At the same time, Joey said, kind strangers have reached out to him on Facebook and told him they are praying for him. Joey's military health benefits paid for his hospital bills, but he is still deep in debt. The party bus Joey drove has been idled, he said, and the Waffle House in Canton where he cooked doesn't need him anymore amid the economic slowdown. A Cass High School alumna has started a GoFundMe campaign to raise money for his expenses. Another friend found a temporary home for Joey in Cartersville.
A Christian, Joey turned to the Bible for comfort and wisdom as he recovered from the coronavirus, particularly the Book of Job. He does not compare himself to the biblical figure. Job, Joey said, lost much more than him. But Job also gained far more than Joey after enduring his tests and remaining faithful. Money. Gold rings. Twice more livestock than he originally had. Seven more sons and three more daughters.

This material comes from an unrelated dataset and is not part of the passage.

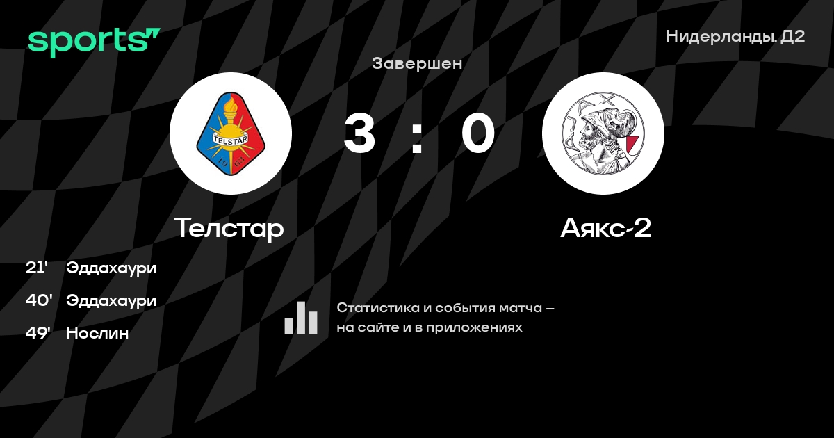 Результат прошлой игры в турнире «Первый дивизион»: Венло – Телстар 1:0. После 22 туров Телстар набирает 29 очков и занимает 12 место в турнире. Лучший бомбардир команды – Закария Эддахаури: он забил 15 в 24 матчах. В последних 5 играх Телстар забивает 4 голов. В последних 5 играх Телстар пропускает 9 голов.

Joey has benefited in other ways. The six days he spent in quarantine gave him time to reflect on his life, talk to the VA therapist and begin to heal. Sharing his story with journalists has been therapeutic. He hopes publicly talking about his life will help others who are suffering.
He has emerged from his illness with a renewed purpose. Joey dreams of starting his own business making hunting knives, cosplay costumes and movie props. He said he has spent much of his life focusing on surviving. Now he wants to start thriving.
Joey Camp with his children, Amelia and Aeson.